Goffo e risibile omaggio al mito letterario di Kafka ed alla sua splendida città (Praga), all’interno del quale Sodebergh mescola con grande disinvoltura tantissimi elementi dando vita ad un informe pasticcio davvero difficile da digerire. Il finale, con annessa moralina, fa cadere le braccia. Insomma, come spesso accade nei film di questo regista, “tanto fumo e poco arrosto”. Jeremy Irons è molto bravo, (non è una scoperta), ma la sua prova non risolleva il pessimo risultato di questa pellicola.
Una grandiosa messainscena onirica e teatrale: il grandissimo Jeremy Irons nei panni di Kafka in una pellicola che si divide tra bianco/nero e colore, diretta con classe e perizia. Un cult di inizio decennio, sconosciuto ai più ma da riscoprire al più presto.
Ottima pellicola in gran parte girata in un bianco e nero ardesia, che unisce la suspence alla politica, la Storia ai sentimenti. Ambientata a Praga negli anni Venti ruota tutta attorno alla sparizione dell'amico di Kafka trovato morto in circostanze misteriose. Grande lo spessore con cui Irons riesce a tratteggiare il personaggio di Kafka, mentre l'ambientazione praghese risulta perfetta per creare il giusto mistero che la sceneggiatura richiede riuscendo, anche con iniezioni di fantascienza, ad avvincere nella sua interezza. Visionario.
Film difficilmente inquadrabile in un genere (si passa dal thriller al fantastico), è tra le opere più controverse di Soderbergh. Il cast di ottimo livello e la buona caratterizzazione ambientale (con una Praga quantomai affascinante) non salvano il film da una riuscita artistica mediocre a causa di una sceneggiatura che mette troppa carne al fuoco e diventa un confuso guazzabuglio di avvenimenti sempre in una vicenda sempre sospesa tra il reale e l'onirico.
Impiegato in una ditta di assicurazioni, Kafka indagando sulla morte di un collega si trova coinvolto in un intrigo indecifrabile, fra anarchici bombaroli e misteriosi esperimenti governativi per il controllo della mente. Messa in scena raffinata, quasi tutta condotta in bn, ambientazione in una Praga cupa ed affascinante, cast di gran classe, ma sceneggiatura debole, che stuzzica con i rimandi all'opera letteraria di K. e con le citazioni del cinema espressionista tedesco ma affastella troppi temi, senza sufficiente rigore. Comunque interessante, fra le opere migliori di Soderbergh.
MEMORABILE: La coppia di assistenti inetti e malfidati, che rinvia a quelli descritti nell'incompiuto romanzo "Il castello"

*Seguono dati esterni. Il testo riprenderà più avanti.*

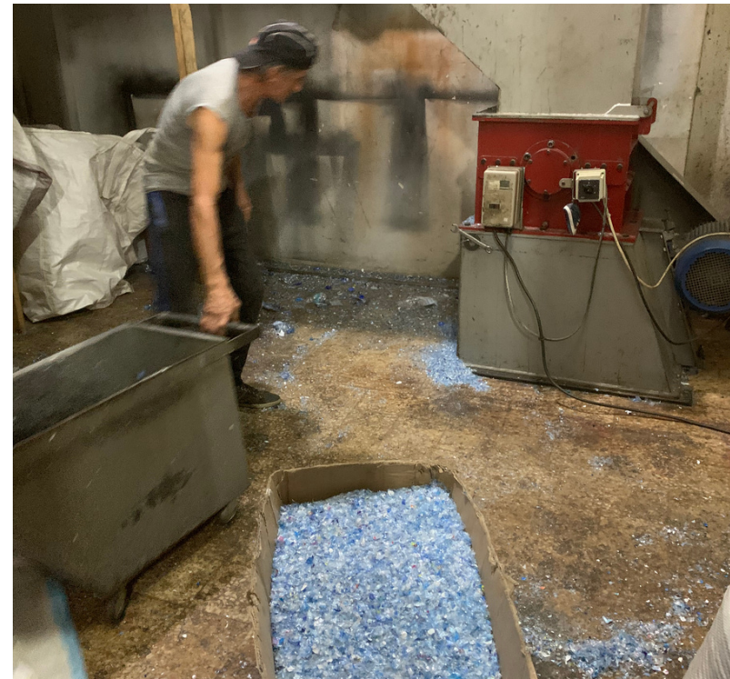
WASTE & CIRCULAR ECONOMY

Nelle atmosfere notturne, tra le vie e i vicoli di Praga, ricorda Il terzo uomo; anche la colonna sonora, seppur non così incisiva come quella della pellicola ambientata a Vienna, ha molto in comune con il famoso film di Carol Reed. Qui però è Kafka, tra finzione e realtà, a catalizzare la scena. Un Kafka caratterizzato da un Jeremy Irons non adatto, o troppo stupito, o troppo lento, o troppo coraggioso, un Kafka come non lo si immagina dai suoi scritti, anche se invischiato in situazioni che prendono il la proprio dai suoi visionari lavori.
MEMORABILE: La seconda parte, dentro il castello, in un improvviso quanto inspiegabile colore.